(Task inputs)

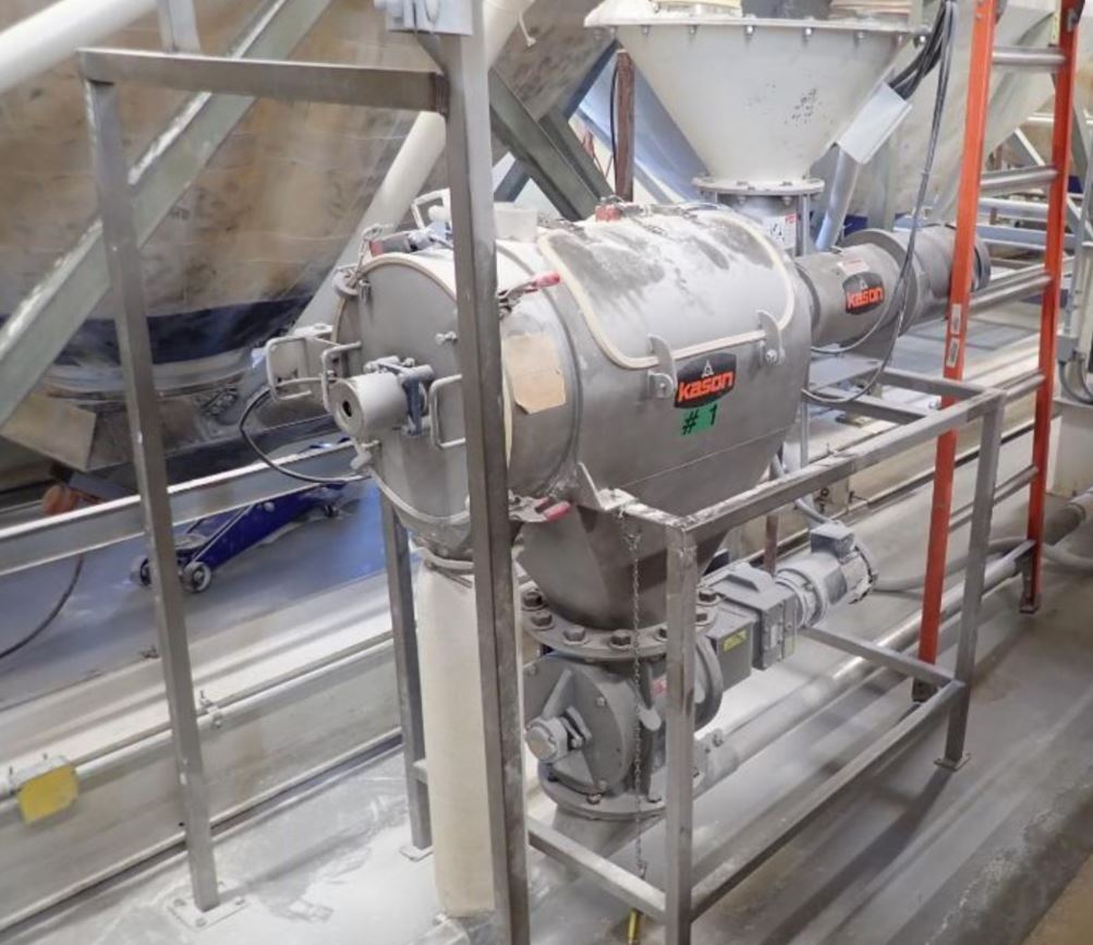 Kason,型号MOB-SS,连续式,不锈钢,离心式筛。配备18英寸长x 7英寸内径的筛室,带11英寸外径/6英寸内径法兰顶部产品装料,顶部和前部铰接螺栓下检修门,25英寸长x 10英寸外径可移动筛,叶片和螺钉,底部3½英寸内径排放,用于25英寸以下的产品“地板净空和底部3½”内径排放超大产品,地板净空为20”。由单电机驱动,具有启动、停止开关和急停按钮。安装在“H”型基架上。非常适合于产品的去团聚、去皮、分类和调节,使其尺寸均匀。
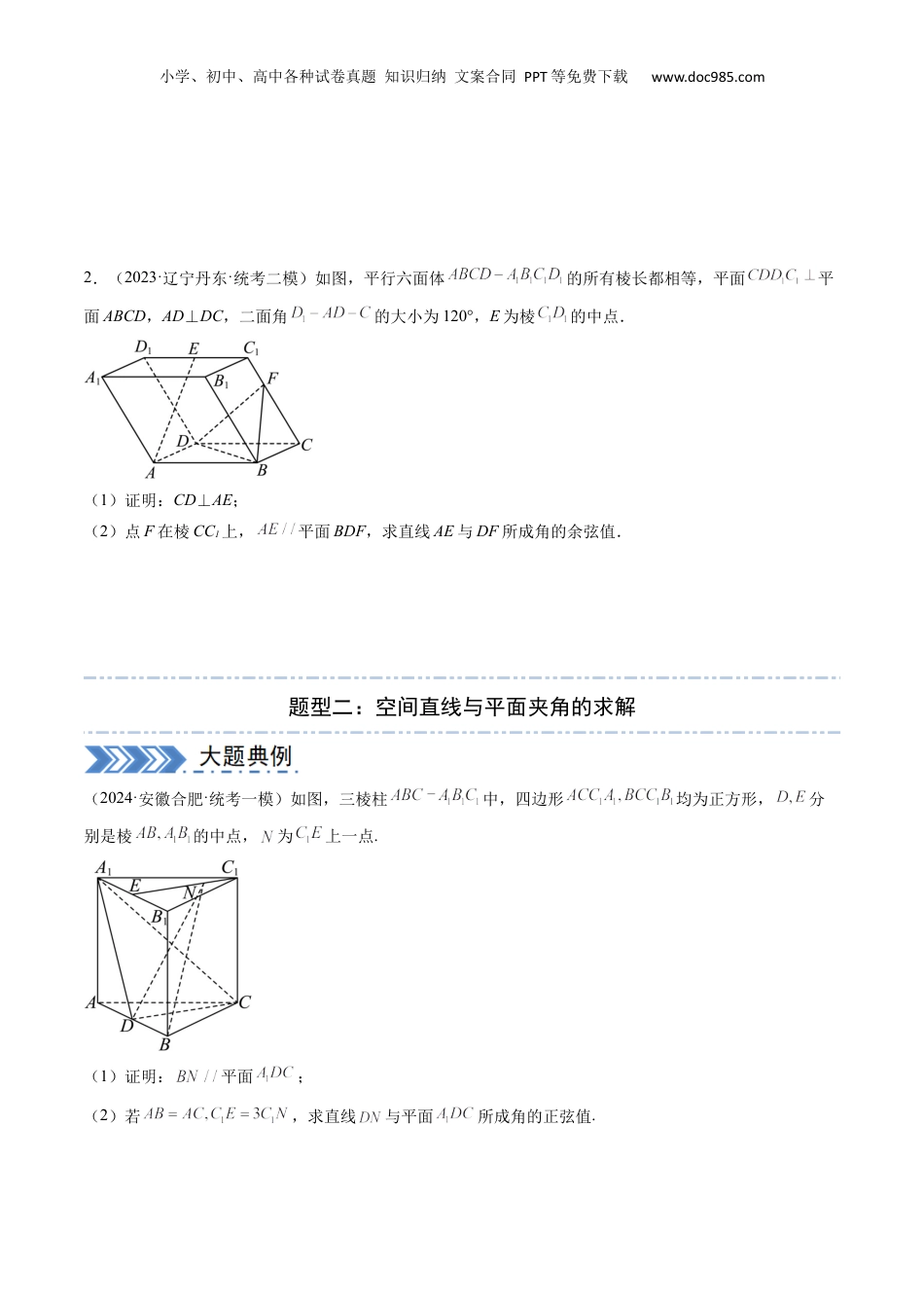 小学、初中、高中各种试卷真题知识归纳文案合同PPT等免费下载www.doc985.com大题03立体几何立体几何是高考数学的必考内容,在大题中一般分两问,第一问考查空间直线与平面的位置关系证明;第二问考查空间角、空间距离等的求解。考题难度中等,常结合空间向量知识进行考查。2024年高考有很大可能延续往年的出题方式。题型一:空间异面直线夹角的求解(2023·上海长宁·统考一模)如图,在三棱锥中,平面平面为的中点.(1)求证:;(2)若,求异面直线与所成的角的大小.小学、初中、高中各种试卷真题知识归纳文案合同PPT等免费下载www.doc985.com1、求异面直线所成角一般步骤:(1)平移:选择适当的点,线段的中点或端点,平移异面直线中的一条或两条成为相交直线.(2)证明:证明所作的角是异面直线所成的角.(3)寻找:在立体图形中,寻找或作出含有此角的三角形,并解之.(4)取舍:因为异面直线所成角的取值范围是,所以所作的角为钝角时,应取它的补角作为异面直线所成的角.2、可通过多种方法平移产生,主要有三种方法:(1)直接平移法(可利用图中已有的平行线);(2)中位线平移法;(3)补形平移法(在已知图形中,补作一个相同的几何体,以便找到平行线).3、异面直线所成角:若分别为直线的方向向量,为直线的夹角,则.1.(2023·江西萍乡·高三统考期中)如图,在正四棱台中,分别是的中点.(1)证明:平面;(2)若,且正四棱台的侧面积为9,其内切球半径为,为的中心,求异面直线与所成角的余弦值.小学、初中、高中各种试卷真题知识归纳文案合同PPT等免费下载www.doc985.com2.(2023·辽宁丹东·统考二模)如图,平行六面体的所有棱长都相等,平面平面ABCD,AD⊥DC,二面角的大小为120°,E为棱的中点.(1)证明:CD⊥AE;(2)点F在棱CC1上,平面BDF,求直线AE与DF所成角的余弦值.题型二:空间直线与平面夹角的求解(2024·安徽合肥·统考一模)如图,三棱柱中,四边形均为正方形,分别是棱的中点,为上一点.(1)证明:平面;(2)若,求直线与平面所成角的正弦值.小学、初中、高中各种试卷真题知识归纳文案合同PPT等免费下载www.doc985.com1、垂线法求线面角(也称直接法):(1)先确定斜线与平面,找到线面的交点B为斜足;找线在面外的一点A,过点A向平面做垂线,确定垂足O;(2)连结斜足与垂足为斜线AB在面上的投影;投影BO与斜线AB之间的夹角为线面角;(3)把投影BO与斜线AB归到一个三角形中进行求解(可能利用余弦定理或者直角三角形)。3、公式法求线面角(也称等体积法):用等体积法,求出斜线PA在面外的一点P到面的距离,利用三角形的正弦公式进行求解。公式为:sinθ=ℎl,其中θ是斜线与平面所成的角,ℎ是垂线段的长,l是斜线段的长。方法:已知平面β内一个多边形的面积为S,它在平面α内的射影图形的面积为S射影,平面α和平面β所成的二面角的大小为θ,则COSθ=S射影S.这个方法对于无棱二面角的求解很简便。4、直线与平面所成角:设是直线的方向向量,是平面的法向量,直线与平面的夹角为.则.1.(2024·内蒙古赤峰·高三校考开学考试)如图,在三棱台中,,,.小学、初中、高中各种试卷真题知识归纳文案合同PPT等免费下载www.doc985.com(1)证明:;(2)求直线与平面所成角的正弦值.2.(2024·浙江温州·高三统考期末)如图,以AD所在直线为轴将直角梯形ABCD旋转得到三棱台,其中,.(1)求证:;(2)若,求直线AD与平面CDF所成角的正弦值.题型三:空间平面与平面夹角的求解(2024·江苏扬州·高三统考开学考试)如图,在多面体中,四边形是边长为的正方形,,,,平面平面.小学、初中、高中各种试卷真题知识归纳文案合同PPT等免费下载www.doc985.com(1)求证:;(2)求平面与平面所成角的余弦值.1、几何法(1)定义法(棱上一点双垂线法):在二面角的棱上找一个特殊点,在两个半平面内分别过该点作垂直于棱的射线.(2)三垂线法(面上一点双垂线法):自二面角的一个面上一点向另外一个面作垂线,再由垂足向棱作垂线得到棱上的点(即斜足),斜足和面上一点的连线与斜足和垂足的连线所夹的角,即为二面角的平面角(3)垂...
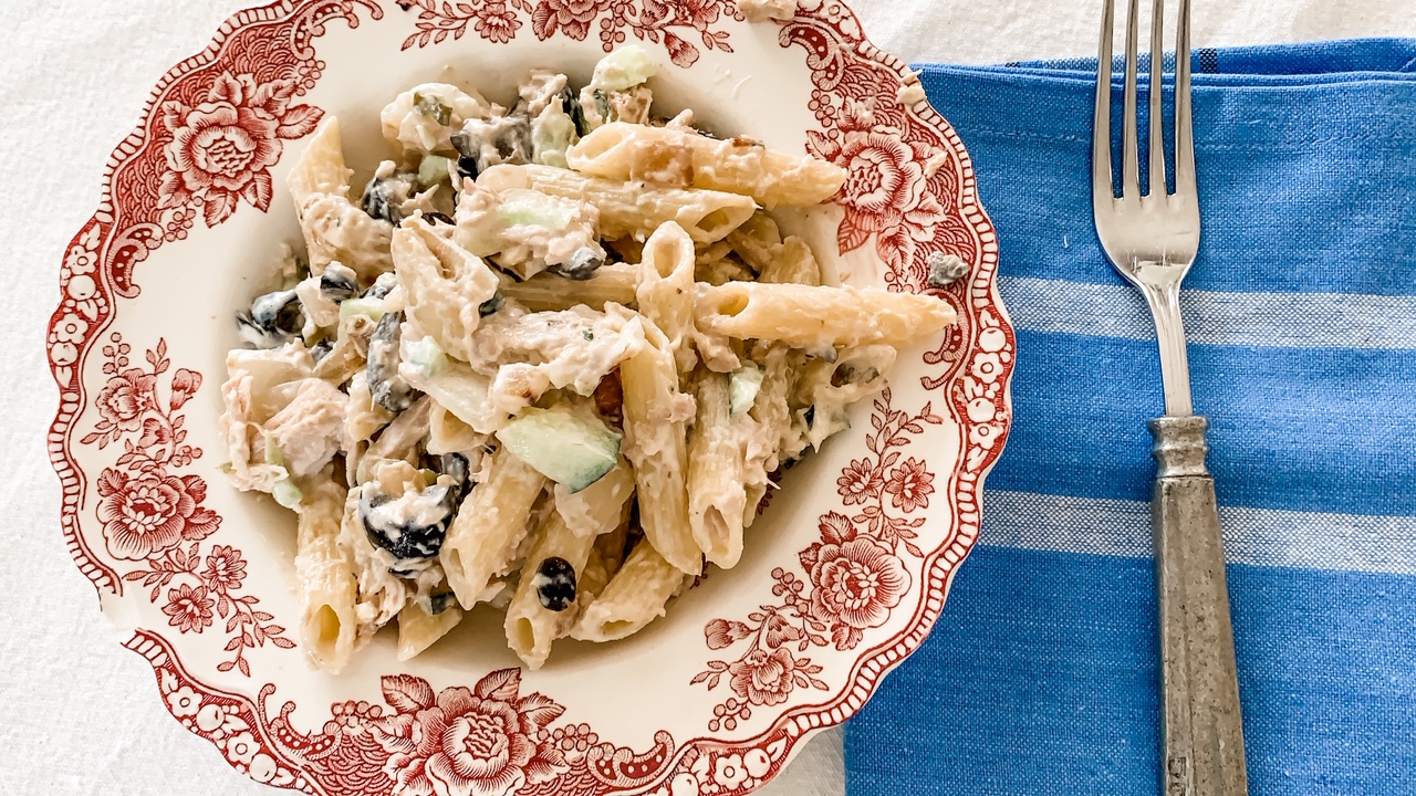 Tuna pasta salad is a staple in our home and is easy to make when we are low on fresh food. This has pasta, tuna, olives, pickles, cucumber, and caramelized onions (chopped apples are great with this too) mixed with mayonnaise and garlic salt. So yummy. The French blue napkins are from Amazon.
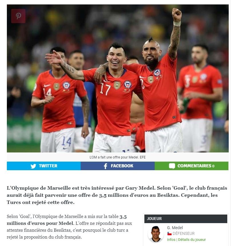 Fransa Ligue 1 takımlarından Marsilya'nın Beşiktaşlı Gary Medel'e olan ilgisi sürüyor. Goal'de yer alan habere göre Fransız ekibi son olarak siyah-beyaz kulübe Şilili futbolcu için 3.5 milyon Euro bonservis bedeli önerdi.
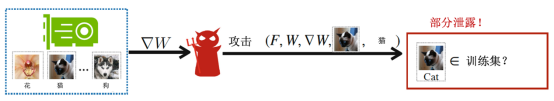 攻击者利用中央服务器无意的数据泄漏漏洞,获取客户端的更新的数据或梯度信息,并通过推理攻击成功重建其他客户端的数据。这是一个相似的攻击,对于给定的训练模型,判断其训练集上是否包含特定属性的数据点,该属性不一定和训练任务相关。例如使用LFW数据集训练一个识别性别的模型时,推理重建能够发现样本的其他特征,如样本的种族,是否戴眼镜等信息,这将带来隐私泄漏的风险。
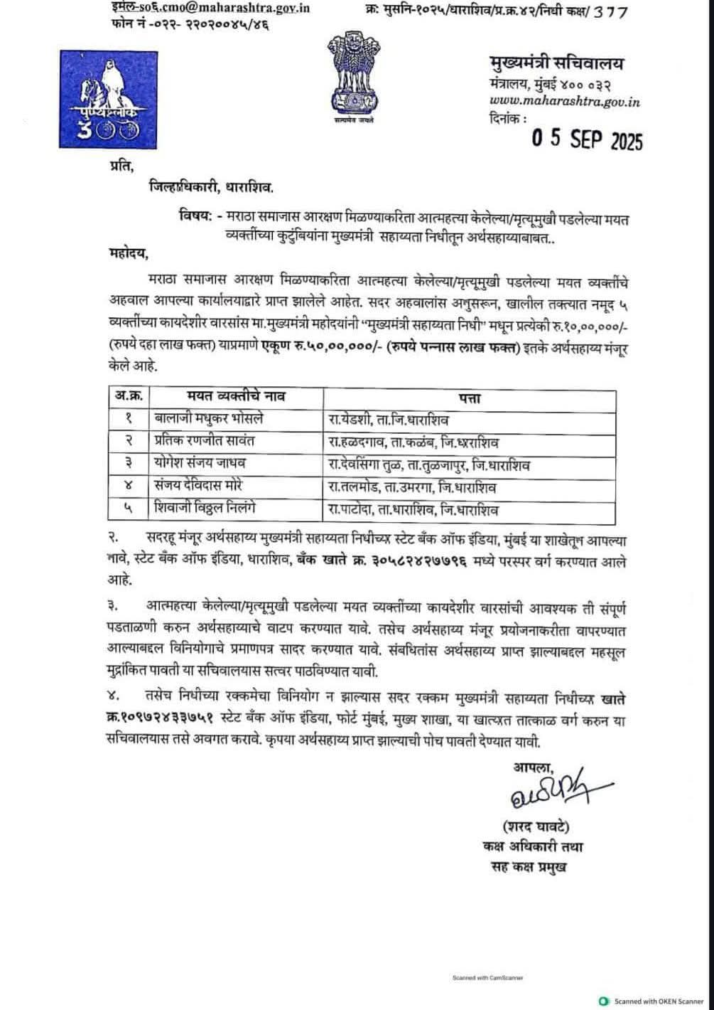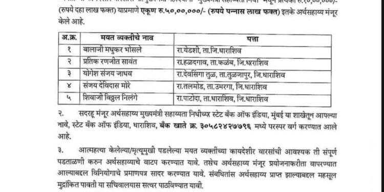 उपोषण सोडविताना सरकारच्या उपसमितीने दिलेल्या आश्वासनानुसार आत्महत्याग्रस्त कुटुंबांच्या खात्यावर अर्थसहाय्य जमा होण्यास सुरुवात झाली आहे. पीडित कुटुंबीयांनी आवश्यक कार्यवाहीसाठी स्थानिक जिल्हाधिकारी कार्यालयाशी संपर्क साधावा, असे आवाहन करण्यात आले आहे.
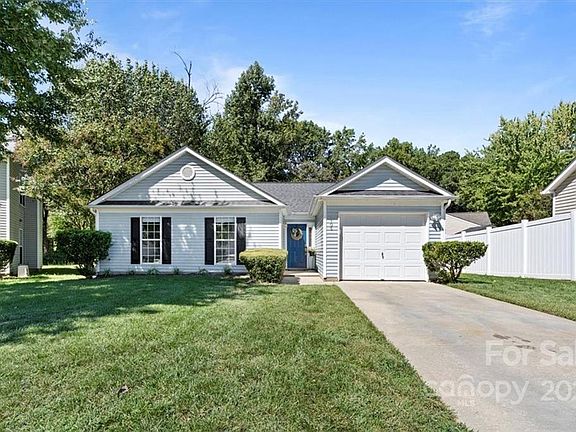 LOCATION, LOCATION, LOCATION Welcome to your delightful move-in-ready ranch home close to it all ***Only 15 minutes from Uptown Charlotte and 15 minutes from the Lake*** 3 bedroom, 2 bath home features vaulted ceiling in living room giving the space an open feel. Separate dining area overlooking patio and backyard. Gas log fireplace for chilly winter nights. Single car attached garage for extra parking or storage. Level wooded cul-de-sac lot with lovely tree lined backyard offers a peaceful and relaxing outdoor vibe. Both bathrooms recently remodeled and updated. Fresh paint throughout! New light fixtures! New flooring! Roof replaced with 35-year architectural shingles approx. 2019. HVAC replaced approx. 2019. Natural cork flooring in laundry room. Excellent Charlotte Location! Walking distance to the new Long Creek Greenway currently under construction. Close to shopping and dining. Convenient to 485 and 77. Don't miss this move-in ready home and Say Yes to the Address!!!

(End Task inputs)

• **Directions**
Your task is to copy word for word the lines from the line containing "उपोषण सोडविताना सरकारच्या" to the end of the listing, both included, and to drop any pictures.

• **Worked solution**
 उपोषण सोडविताना सरकारच्या उपसमितीने दिलेल्या आश्वासनानुसार आत्महत्याग्रस्त कुटुंबांच्या खात्यावर अर्थसहाय्य जमा होण्यास सुरुवात झाली आहे. पीडित कुटुंबीयांनी आवश्यक कार्यवाहीसाठी स्थानिक जिल्हाधिकारी कार्यालयाशी संपर्क साधावा, असे आवाहन करण्यात आले आहे.
 LOCATION, LOCATION, LOCATION Welcome to your delightful move-in-ready ranch home close to it all ***Only 15 minutes from Uptown Charlotte and 15 minutes from the Lake*** 3 bedroom, 2 bath home features vaulted ceiling in living room giving the space an open feel. Separate dining area overlooking patio and backyard. Gas log fireplace for chilly winter nights. Single car attached garage for extra parking or storage. Level wooded cul-de-sac lot with lovely tree lined backyard offers a peaceful and relaxing outdoor vibe. Both bathrooms recently remodeled and updated. Fresh paint throughout! New light fixtures! New flooring! Roof replaced with 35-year architectural shingles approx. 2019. HVAC replaced approx. 2019. Natural cork flooring in laundry room. Excellent Charlotte Location! Walking distance to the new Long Creek Greenway currently under construction. Close to shopping and dining. Convenient to 485 and 77. Don't miss this move-in ready home and Say Yes to the Address!!!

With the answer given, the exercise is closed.